- [Brief]
Whenever a line in this data holds the word "будет", report that line in full.

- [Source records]
Content starts

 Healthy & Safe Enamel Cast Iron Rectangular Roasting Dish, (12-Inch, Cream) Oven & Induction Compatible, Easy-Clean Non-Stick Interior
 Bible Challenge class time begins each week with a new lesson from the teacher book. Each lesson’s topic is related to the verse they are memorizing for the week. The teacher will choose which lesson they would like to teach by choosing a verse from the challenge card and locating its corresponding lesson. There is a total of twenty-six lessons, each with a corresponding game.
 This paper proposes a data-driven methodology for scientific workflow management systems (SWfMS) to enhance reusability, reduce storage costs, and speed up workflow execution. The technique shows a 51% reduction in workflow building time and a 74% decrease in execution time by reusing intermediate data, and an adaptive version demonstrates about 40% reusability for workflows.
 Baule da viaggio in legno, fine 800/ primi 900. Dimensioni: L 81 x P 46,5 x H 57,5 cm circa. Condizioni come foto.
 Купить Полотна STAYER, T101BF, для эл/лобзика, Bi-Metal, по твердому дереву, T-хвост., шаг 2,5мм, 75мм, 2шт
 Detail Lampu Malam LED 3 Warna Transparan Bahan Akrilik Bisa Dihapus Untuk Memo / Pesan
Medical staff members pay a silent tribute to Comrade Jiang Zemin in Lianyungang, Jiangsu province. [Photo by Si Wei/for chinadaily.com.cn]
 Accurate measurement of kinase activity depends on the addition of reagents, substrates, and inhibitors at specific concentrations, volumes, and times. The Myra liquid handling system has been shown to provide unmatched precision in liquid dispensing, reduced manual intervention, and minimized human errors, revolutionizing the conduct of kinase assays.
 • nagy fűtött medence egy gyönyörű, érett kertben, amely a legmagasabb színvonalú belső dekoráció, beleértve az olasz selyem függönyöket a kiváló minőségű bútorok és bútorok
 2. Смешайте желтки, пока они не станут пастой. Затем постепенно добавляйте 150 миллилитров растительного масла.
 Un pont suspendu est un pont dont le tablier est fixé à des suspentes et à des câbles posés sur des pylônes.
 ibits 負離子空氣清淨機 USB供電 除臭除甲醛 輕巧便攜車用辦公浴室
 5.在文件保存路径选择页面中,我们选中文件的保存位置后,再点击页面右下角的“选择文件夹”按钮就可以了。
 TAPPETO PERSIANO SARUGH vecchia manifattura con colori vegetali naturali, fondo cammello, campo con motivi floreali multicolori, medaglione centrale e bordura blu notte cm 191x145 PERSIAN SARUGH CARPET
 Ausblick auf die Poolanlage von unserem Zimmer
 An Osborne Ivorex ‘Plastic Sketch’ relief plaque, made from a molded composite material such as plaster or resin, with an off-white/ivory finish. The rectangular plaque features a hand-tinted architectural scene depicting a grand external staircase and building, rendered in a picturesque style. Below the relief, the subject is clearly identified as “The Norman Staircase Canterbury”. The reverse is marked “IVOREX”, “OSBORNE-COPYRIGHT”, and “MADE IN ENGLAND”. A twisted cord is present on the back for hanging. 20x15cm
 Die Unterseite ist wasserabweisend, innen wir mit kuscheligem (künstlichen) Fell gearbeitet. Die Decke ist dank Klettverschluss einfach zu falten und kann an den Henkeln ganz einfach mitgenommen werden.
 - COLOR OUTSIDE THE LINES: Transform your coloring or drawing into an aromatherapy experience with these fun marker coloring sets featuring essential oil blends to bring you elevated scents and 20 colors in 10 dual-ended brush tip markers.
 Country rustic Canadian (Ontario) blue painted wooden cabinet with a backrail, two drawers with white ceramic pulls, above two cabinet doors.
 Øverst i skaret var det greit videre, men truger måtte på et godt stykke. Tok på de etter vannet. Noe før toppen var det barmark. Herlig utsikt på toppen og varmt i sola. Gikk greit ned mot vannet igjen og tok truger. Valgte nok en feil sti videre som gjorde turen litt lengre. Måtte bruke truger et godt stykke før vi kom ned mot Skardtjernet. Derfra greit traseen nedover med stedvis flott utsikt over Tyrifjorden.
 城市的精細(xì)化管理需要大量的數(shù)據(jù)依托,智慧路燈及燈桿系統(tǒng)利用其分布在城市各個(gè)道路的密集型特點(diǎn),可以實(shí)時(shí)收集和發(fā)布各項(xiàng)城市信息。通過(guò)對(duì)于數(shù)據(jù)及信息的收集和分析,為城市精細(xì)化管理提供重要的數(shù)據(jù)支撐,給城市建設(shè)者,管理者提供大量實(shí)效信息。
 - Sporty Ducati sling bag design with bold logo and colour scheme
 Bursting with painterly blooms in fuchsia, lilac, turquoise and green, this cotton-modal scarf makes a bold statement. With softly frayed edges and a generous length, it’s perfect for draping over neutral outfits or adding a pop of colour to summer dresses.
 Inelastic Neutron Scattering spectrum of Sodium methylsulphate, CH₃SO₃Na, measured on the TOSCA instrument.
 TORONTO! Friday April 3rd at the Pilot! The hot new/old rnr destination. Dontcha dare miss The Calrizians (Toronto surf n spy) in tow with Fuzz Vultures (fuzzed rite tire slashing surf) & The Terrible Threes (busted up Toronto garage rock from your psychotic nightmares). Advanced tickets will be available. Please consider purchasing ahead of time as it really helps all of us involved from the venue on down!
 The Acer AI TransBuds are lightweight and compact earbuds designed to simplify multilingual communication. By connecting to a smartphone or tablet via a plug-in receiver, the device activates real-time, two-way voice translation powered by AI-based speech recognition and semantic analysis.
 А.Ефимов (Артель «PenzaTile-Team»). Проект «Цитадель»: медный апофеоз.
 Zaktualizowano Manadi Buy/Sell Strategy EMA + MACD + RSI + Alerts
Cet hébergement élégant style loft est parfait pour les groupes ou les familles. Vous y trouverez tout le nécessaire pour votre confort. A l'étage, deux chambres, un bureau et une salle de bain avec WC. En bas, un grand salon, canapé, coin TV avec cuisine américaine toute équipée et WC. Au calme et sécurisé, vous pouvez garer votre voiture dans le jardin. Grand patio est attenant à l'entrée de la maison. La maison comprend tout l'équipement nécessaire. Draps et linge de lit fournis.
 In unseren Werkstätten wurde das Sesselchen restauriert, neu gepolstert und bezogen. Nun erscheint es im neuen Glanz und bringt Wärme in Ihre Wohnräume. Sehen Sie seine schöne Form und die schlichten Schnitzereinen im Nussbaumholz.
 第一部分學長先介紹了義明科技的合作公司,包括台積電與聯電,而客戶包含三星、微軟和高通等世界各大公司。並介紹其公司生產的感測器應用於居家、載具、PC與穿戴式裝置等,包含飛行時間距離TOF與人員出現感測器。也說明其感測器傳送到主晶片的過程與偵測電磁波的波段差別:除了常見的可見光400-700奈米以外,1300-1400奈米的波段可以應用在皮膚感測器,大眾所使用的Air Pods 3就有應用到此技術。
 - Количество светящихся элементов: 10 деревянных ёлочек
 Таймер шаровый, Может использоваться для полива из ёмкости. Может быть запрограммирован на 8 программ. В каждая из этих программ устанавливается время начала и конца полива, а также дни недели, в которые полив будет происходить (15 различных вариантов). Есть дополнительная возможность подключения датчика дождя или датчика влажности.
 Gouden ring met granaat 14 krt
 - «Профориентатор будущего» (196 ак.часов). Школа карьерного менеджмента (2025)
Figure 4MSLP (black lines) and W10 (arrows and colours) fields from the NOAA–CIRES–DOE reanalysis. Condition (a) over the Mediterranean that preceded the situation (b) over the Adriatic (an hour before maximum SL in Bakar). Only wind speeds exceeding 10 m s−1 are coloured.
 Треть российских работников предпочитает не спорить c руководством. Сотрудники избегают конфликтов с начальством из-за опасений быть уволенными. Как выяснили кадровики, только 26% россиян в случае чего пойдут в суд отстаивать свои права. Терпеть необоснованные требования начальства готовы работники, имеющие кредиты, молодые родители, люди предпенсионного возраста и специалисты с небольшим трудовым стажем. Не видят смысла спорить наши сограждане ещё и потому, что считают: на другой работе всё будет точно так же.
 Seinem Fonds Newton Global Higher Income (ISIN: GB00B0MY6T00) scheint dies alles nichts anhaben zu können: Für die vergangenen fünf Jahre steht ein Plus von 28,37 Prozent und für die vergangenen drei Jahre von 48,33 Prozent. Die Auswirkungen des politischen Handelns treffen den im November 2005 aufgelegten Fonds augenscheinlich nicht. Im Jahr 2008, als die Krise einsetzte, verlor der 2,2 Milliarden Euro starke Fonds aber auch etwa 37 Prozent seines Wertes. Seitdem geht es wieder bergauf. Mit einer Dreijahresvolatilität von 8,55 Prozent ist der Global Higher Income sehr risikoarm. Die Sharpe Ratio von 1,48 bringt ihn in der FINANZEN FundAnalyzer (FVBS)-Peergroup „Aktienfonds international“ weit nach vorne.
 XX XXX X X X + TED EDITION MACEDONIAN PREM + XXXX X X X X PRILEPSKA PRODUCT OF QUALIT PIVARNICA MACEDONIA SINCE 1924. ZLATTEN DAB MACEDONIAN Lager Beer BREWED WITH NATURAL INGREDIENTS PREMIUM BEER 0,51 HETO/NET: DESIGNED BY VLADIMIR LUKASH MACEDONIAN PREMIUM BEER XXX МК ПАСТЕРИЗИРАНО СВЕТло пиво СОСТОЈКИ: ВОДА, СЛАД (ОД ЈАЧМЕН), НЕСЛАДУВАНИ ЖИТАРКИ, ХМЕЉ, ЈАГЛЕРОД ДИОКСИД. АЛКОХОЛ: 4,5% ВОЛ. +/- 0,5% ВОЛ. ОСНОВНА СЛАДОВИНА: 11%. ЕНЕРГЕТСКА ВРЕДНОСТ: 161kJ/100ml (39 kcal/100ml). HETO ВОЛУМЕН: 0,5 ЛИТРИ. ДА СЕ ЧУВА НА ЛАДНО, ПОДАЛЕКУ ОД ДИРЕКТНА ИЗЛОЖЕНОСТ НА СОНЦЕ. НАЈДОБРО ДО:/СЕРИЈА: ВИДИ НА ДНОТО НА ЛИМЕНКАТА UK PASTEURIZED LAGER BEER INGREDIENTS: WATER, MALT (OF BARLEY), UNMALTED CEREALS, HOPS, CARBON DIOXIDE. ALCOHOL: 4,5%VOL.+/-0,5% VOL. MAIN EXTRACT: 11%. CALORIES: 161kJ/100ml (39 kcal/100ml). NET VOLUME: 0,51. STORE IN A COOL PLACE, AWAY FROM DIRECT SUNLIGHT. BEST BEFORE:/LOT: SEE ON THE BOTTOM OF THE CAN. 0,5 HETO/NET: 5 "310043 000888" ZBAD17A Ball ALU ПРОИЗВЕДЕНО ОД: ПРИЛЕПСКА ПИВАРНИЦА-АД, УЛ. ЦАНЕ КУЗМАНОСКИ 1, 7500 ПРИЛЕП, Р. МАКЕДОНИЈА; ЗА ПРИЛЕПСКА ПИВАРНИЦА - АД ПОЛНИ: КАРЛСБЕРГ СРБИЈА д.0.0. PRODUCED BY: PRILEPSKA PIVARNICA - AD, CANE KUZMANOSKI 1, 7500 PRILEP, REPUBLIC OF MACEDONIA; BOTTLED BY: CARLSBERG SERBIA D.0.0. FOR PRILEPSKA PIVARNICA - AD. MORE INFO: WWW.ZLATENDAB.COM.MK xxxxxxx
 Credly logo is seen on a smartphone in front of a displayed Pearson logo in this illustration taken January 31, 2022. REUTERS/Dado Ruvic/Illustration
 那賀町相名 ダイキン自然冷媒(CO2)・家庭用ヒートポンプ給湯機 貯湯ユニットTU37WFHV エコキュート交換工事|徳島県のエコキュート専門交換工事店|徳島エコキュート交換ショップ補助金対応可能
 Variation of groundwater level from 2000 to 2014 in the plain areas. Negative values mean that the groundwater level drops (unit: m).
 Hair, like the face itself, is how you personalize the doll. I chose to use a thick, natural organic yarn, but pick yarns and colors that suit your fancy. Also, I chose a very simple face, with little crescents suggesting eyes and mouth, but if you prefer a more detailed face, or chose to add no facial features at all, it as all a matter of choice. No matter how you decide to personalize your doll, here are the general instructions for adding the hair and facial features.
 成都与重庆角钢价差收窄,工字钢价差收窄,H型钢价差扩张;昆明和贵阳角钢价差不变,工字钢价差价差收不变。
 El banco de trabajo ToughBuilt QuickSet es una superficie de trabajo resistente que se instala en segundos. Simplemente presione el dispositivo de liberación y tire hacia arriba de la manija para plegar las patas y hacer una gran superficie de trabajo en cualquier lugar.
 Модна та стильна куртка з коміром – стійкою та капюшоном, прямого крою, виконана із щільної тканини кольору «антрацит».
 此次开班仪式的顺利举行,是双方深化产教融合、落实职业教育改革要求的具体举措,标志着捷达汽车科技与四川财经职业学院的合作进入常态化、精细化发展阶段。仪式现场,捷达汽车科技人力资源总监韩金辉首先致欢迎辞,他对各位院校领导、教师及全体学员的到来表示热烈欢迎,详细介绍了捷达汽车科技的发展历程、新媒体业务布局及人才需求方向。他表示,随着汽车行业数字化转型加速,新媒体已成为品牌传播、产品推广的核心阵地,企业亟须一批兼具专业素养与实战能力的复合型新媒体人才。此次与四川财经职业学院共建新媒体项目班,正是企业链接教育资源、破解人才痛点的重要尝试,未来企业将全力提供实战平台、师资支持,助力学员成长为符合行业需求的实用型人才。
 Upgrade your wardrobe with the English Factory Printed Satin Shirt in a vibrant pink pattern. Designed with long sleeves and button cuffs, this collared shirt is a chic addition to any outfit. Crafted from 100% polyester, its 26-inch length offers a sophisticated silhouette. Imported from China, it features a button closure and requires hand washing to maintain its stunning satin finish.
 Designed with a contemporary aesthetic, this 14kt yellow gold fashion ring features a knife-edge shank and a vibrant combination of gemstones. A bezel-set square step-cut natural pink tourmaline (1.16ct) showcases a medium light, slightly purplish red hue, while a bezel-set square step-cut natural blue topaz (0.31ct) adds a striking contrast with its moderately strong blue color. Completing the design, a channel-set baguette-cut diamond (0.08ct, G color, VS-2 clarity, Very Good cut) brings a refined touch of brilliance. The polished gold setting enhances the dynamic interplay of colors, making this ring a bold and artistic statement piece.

Content ends

- [Solved exercise]
 Таймер шаровый, Может использоваться для полива из ёмкости. Может быть запрограммирован на 8 программ. В каждая из этих программ устанавливается время начала и конца полива, а также дни недели, в которые полив будет происходить (15 различных вариантов). Есть дополнительная возможность подключения датчика дождя или датчика влажности.
 Треть российских работников предпочитает не спорить c руководством. Сотрудники избегают конфликтов с начальством из-за опасений быть уволенными. Как выяснили кадровики, только 26% россиян в случае чего пойдут в суд отстаивать свои права. Терпеть необоснованные требования начальства готовы работники, имеющие кредиты, молодые родители, люди предпенсионного возраста и специалисты с небольшим трудовым стажем. Не видят смысла спорить наши сограждане ещё и потому, что считают: на другой работе всё будет точно так же.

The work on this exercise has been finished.